Stored data
----------------
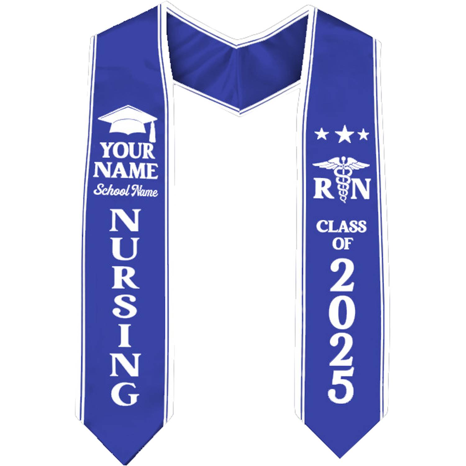 Custom satin graduation stole, personalized with name/message, durable, smooth fabric, perfect for ceremonies, lasting quality.
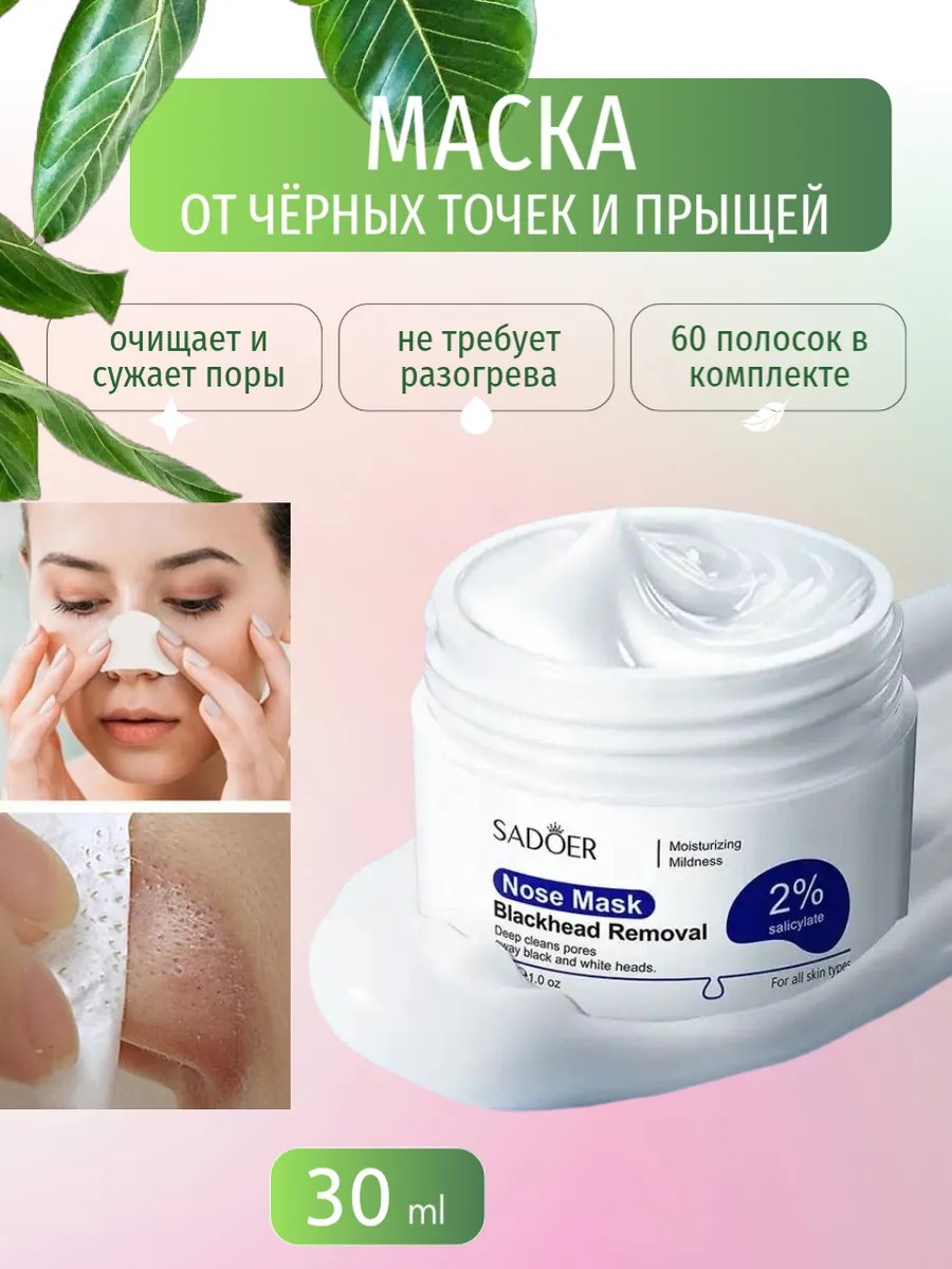 Очищающая маска реально работает! И такого эффекта не было ни от одной подобной маски. Впечатляющий результат-буквально за одно применение маска вытянет 80 процентов видимых черных точек, сальных пробок и прочих кожных загрязнений. Показания к применению белой маски против черных точек: сальные пробки, чёрные точки, открытые комедоны, угри, расширенные поры, а так же другие виды кожных загрязнений. Маска для проблемной кожи для лица удаляет загрязнения, очищает и сужает поры всего за 15 минут! Средство маска от черных точек для лица для удаления угрей и черных точек Sadoer эффективно выводит загрязнения и помогает сохранить вашу кожу чистой и здоровой. Полоски от черных точек борются с несовершенствами кожи, пластырь от черных точек на носу очищают поры, черные точки, акне и прыщи в области носа, подбородка и других частей лица. Маска пленка от черных точек для чистки лица подойдет для девочек подростков, женщин и мужчин с проблемной, жирной и сухой кожей. Маска от прыщей Sadoer подойдет и мужчинам и женщинам имеющих черные точки на носу и вокруг него. В отличии от маски для лица от черных точек и акне Lanbena маску Sadoer не нужно разогревать. В комплект входят очищающие полоски стикеры 60 штук. Косметическое средство поможет избавиться от черных точек в области носа, подбородка и других частей лица, а также от прыщей ,угрей, от акне. Маска белая снимает раздражение и купирует воспалительные процессы. Средство подойдет для девочек, подростков, а также женщин и мужчин с проблемной кожей. Косметическое средство выпускается в баночке для удобного хранения. Очищающая маска более эффективна, чем одноразовые тканевые маски, пленки, патчи, угольный крем, пилинг тоник, не уступает по свойствам очищающей маске и даже заменит чистку в салоне красоты. Черные точки на носу - распространенная проблема среди мужчин и женщин разного возраста. От них довольно сложно избавиться на длительный срок, ведь через 1-2 недели они снова появляются на том же месте. Черные точки и угорь на лице выглядят неэстетично, а без внимания к проблеме со временем к ним присоединяется воспаление, от которого нельзя избавиться без медицинской помощи.
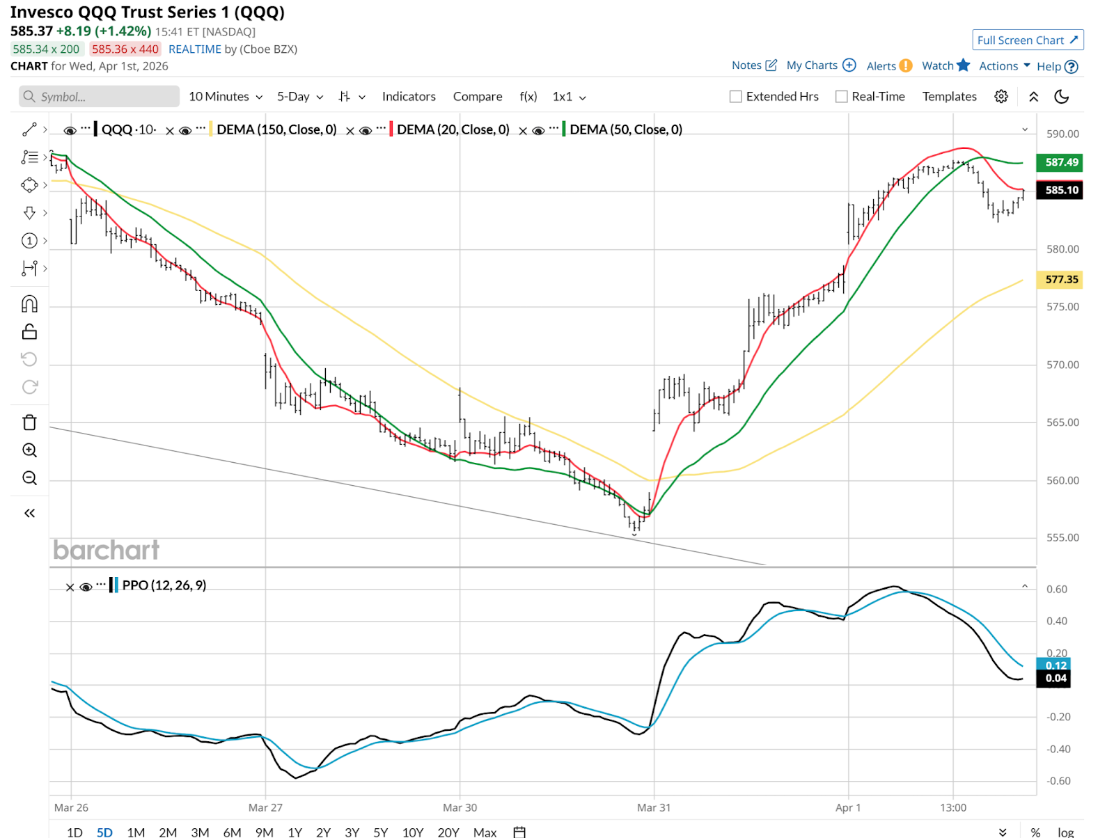 What a party the market had on Tuesday, March 31! The Nasdaq 100 ETF (QQQ) jumped 3.8%, then tacked on more gains Wednesday.
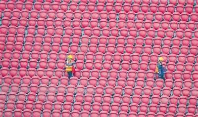 体育场内部分座椅已经安装完成。 本报记者 陈元才 摄
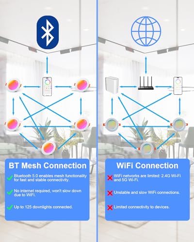 • Excellent multi-lights solution: LED ceiling spotlight equipped with Bluetooth 5.0 chip, which allows automatic interactions between the lights. This helps to overcome the shortcomings of remote control lights and WiFi lights, both in terms of control distance and number of lights.
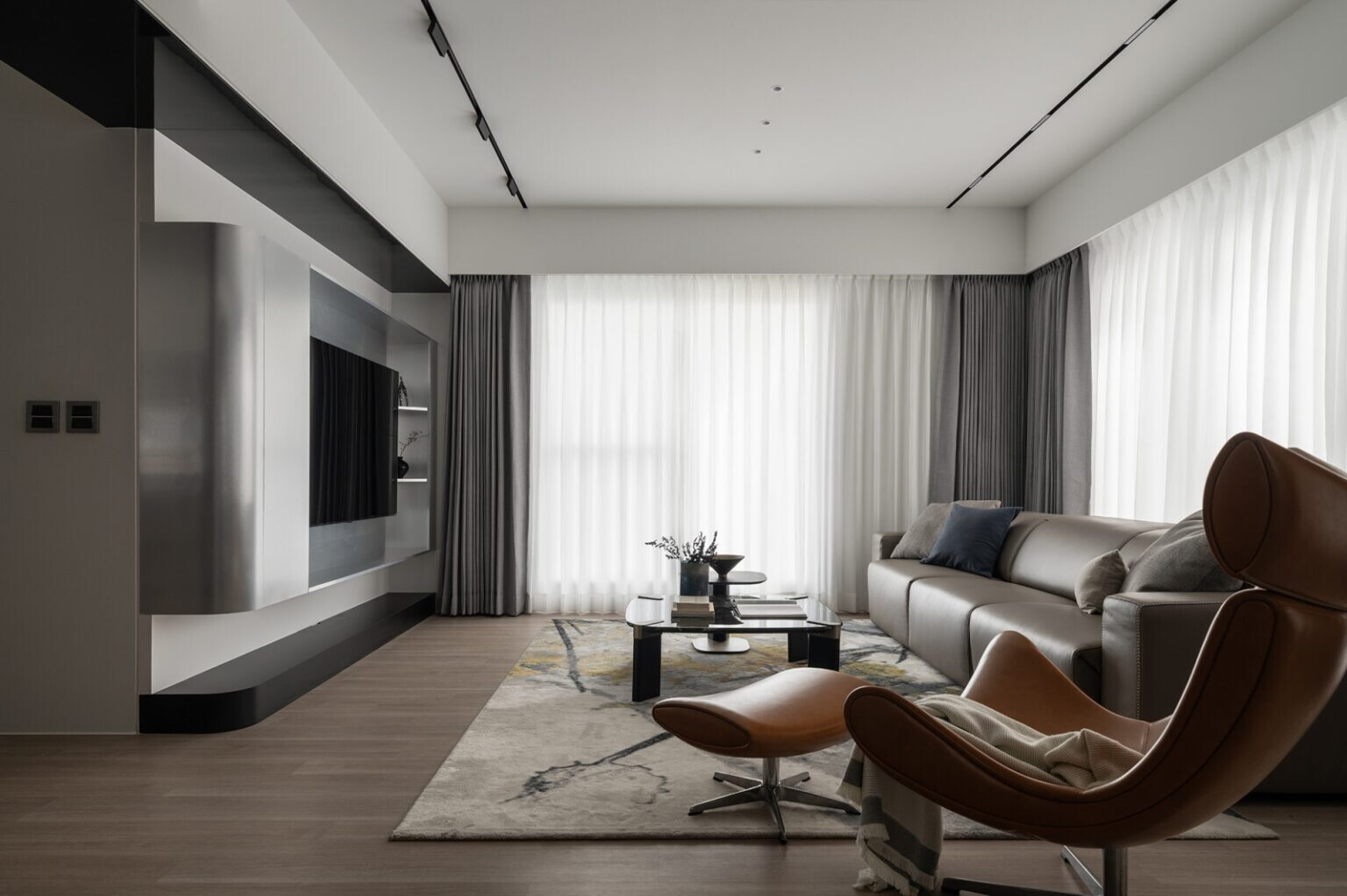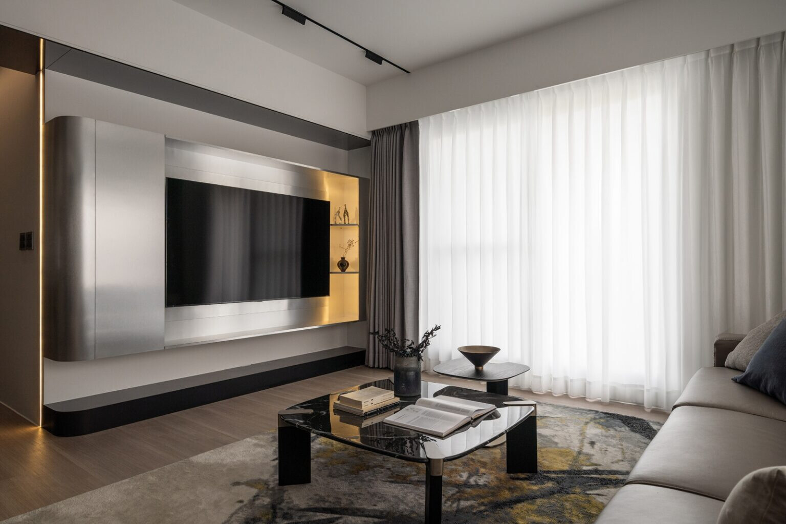 客廳電視牆以金屬拉絲面板為主體,搭配弧形收邊設計,削弱金屬材質的冷硬印象。下方與側邊配置間接照明,光線沿著牆面緩緩流動,使科技元素轉化為安靜的背景,而非視覺焦點。
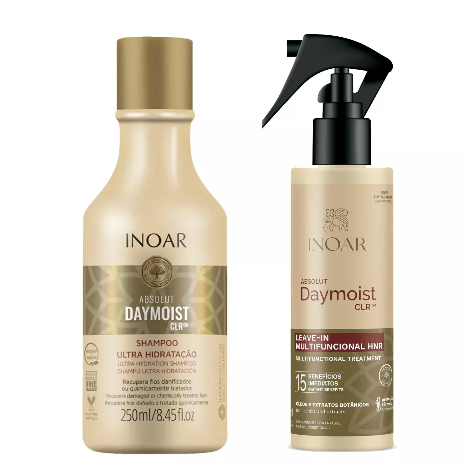 Szampon INOAR Absolut Daymoist CLR przeznaczony jest do pielęgnacji włosów suchych. Świetnie wnika do wnętrza i chroni przed utratą wilgoci. Kosmetyk ten to świetna propozycja dla włosów po inwazyjnych zabiegach chemicznych. Wielofunkcyjna odżywka Absolut DayMoist CLR leave-in w formie wygodnego spray’u. Służy do błyskawicznej rekonstrukcji i poprawy kondycji włosów suchych, osłabionych i zniszczonych zabiegami chemicznymi.
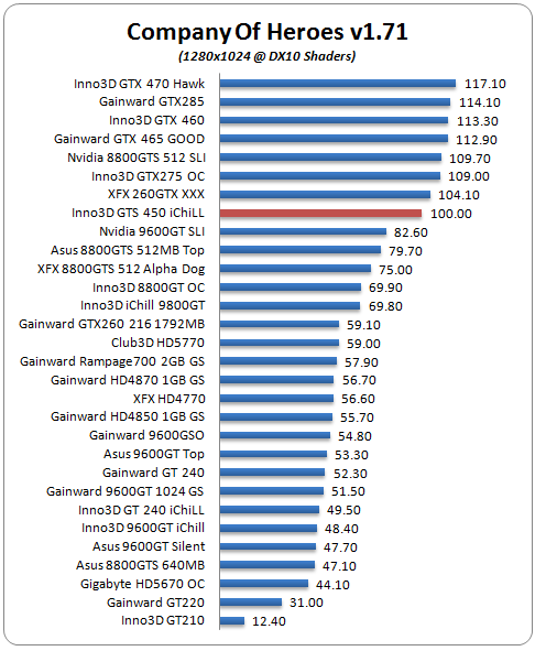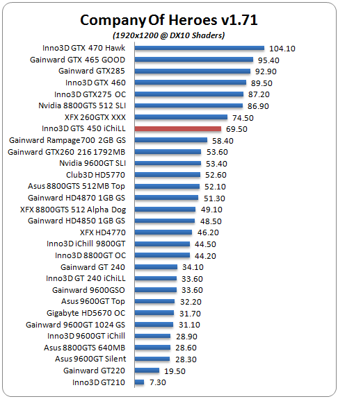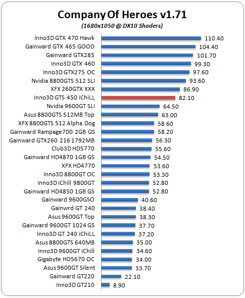 The "Company Of Heroes" is a popular action/strategy game with many funs around the world. The game was the first ever to utilize DirectX10 and features great in-game physics. For this test, we used the maximum quality settings and measured the performance (FPS) of each card.
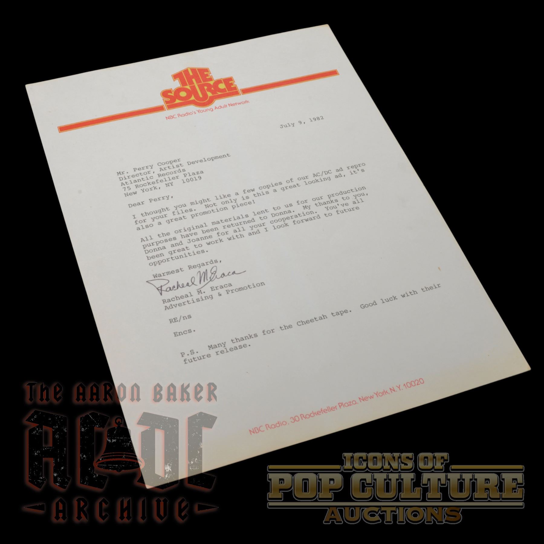 A fascinating glimpse into early ‘80s AC/DC promotion, this set includes an original July 9, 1982 letter on “The Source” letterhead, NBC Radio’s Young Adult Network, sent from Racheal M. Eraca (Advertising & Promotion) to Perry Cooper, Director of Artist Development at Atlantic Records.
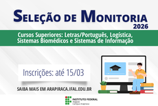 O Instituto Federal de Alagoas - Ifal Campus Arapiraca publicou, nessa quarta-feira (11), o edital de processo seletivo para estudantes interessados/as em atuar na monitoria em disciplinas de cursos superiores da unidade de ensino. A iniciativa busca fortalecer o processo de ensino-aprendizagem na instituição, oportunizando atividades de acompanhamento e suporte acadêmico.
----------------
The entries above, every one of them, should be retyped exactly, with no pictures carried over.

 Custom satin graduation stole, personalized with name/message, durable, smooth fabric, perfect for ceremonies, lasting quality.
 Очищающая маска реально работает! И такого эффекта не было ни от одной подобной маски. Впечатляющий результат-буквально за одно применение маска вытянет 80 процентов видимых черных точек, сальных пробок и прочих кожных загрязнений. Показания к применению белой маски против черных точек: сальные пробки, чёрные точки, открытые комедоны, угри, расширенные поры, а так же другие виды кожных загрязнений. Маска для проблемной кожи для лица удаляет загрязнения, очищает и сужает поры всего за 15 минут! Средство маска от черных точек для лица для удаления угрей и черных точек Sadoer эффективно выводит загрязнения и помогает сохранить вашу кожу чистой и здоровой. Полоски от черных точек борются с несовершенствами кожи, пластырь от черных точек на носу очищают поры, черные точки, акне и прыщи в области носа, подбородка и других частей лица. Маска пленка от черных точек для чистки лица подойдет для девочек подростков, женщин и мужчин с проблемной, жирной и сухой кожей. Маска от прыщей Sadoer подойдет и мужчинам и женщинам имеющих черные точки на носу и вокруг него. В отличии от маски для лица от черных точек и акне Lanbena маску Sadoer не нужно разогревать. В комплект входят очищающие полоски стикеры 60 штук. Косметическое средство поможет избавиться от черных точек в области носа, подбородка и других частей лица, а также от прыщей ,угрей, от акне. Маска белая снимает раздражение и купирует воспалительные процессы. Средство подойдет для девочек, подростков, а также женщин и мужчин с проблемной кожей. Косметическое средство выпускается в баночке для удобного хранения. Очищающая маска более эффективна, чем одноразовые тканевые маски, пленки, патчи, угольный крем, пилинг тоник, не уступает по свойствам очищающей маске и даже заменит чистку в салоне красоты. Черные точки на носу - распространенная проблема среди мужчин и женщин разного возраста. От них довольно сложно избавиться на длительный срок, ведь через 1-2 недели они снова появляются на том же месте. Черные точки и угорь на лице выглядят неэстетично, а без внимания к проблеме со временем к ним присоединяется воспаление, от которого нельзя избавиться без медицинской помощи.
 What a party the market had on Tuesday, March 31! The Nasdaq 100 ETF (QQQ) jumped 3.8%, then tacked on more gains Wednesday.
 体育场内部分座椅已经安装完成。 本报记者 陈元才 摄
 • Excellent multi-lights solution: LED ceiling spotlight equipped with Bluetooth 5.0 chip, which allows automatic interactions between the lights. This helps to overcome the shortcomings of remote control lights and WiFi lights, both in terms of control distance and number of lights.
 客廳電視牆以金屬拉絲面板為主體,搭配弧形收邊設計,削弱金屬材質的冷硬印象。下方與側邊配置間接照明,光線沿著牆面緩緩流動,使科技元素轉化為安靜的背景,而非視覺焦點。
 Szampon INOAR Absolut Daymoist CLR przeznaczony jest do pielęgnacji włosów suchych. Świetnie wnika do wnętrza i chroni przed utratą wilgoci. Kosmetyk ten to świetna propozycja dla włosów po inwazyjnych zabiegach chemicznych. Wielofunkcyjna odżywka Absolut DayMoist CLR leave-in w formie wygodnego spray’u. Służy do błyskawicznej rekonstrukcji i poprawy kondycji włosów suchych, osłabionych i zniszczonych zabiegami chemicznymi.
 The "Company Of Heroes" is a popular action/strategy game with many funs around the world. The game was the first ever to utilize DirectX10 and features great in-game physics. For this test, we used the maximum quality settings and measured the performance (FPS) of each card.
 A fascinating glimpse into early ‘80s AC/DC promotion, this set includes an original July 9, 1982 letter on “The Source” letterhead, NBC Radio’s Young Adult Network, sent from Racheal M. Eraca (Advertising & Promotion) to Perry Cooper, Director of Artist Development at Atlantic Records.
 O Instituto Federal de Alagoas - Ifal Campus Arapiraca publicou, nessa quarta-feira (11), o edital de processo seletivo para estudantes interessados/as em atuar na monitoria em disciplinas de cursos superiores da unidade de ensino. A iniciativa busca fortalecer o processo de ensino-aprendizagem na instituição, oportunizando atividades de acompanhamento e suporte acadêmico.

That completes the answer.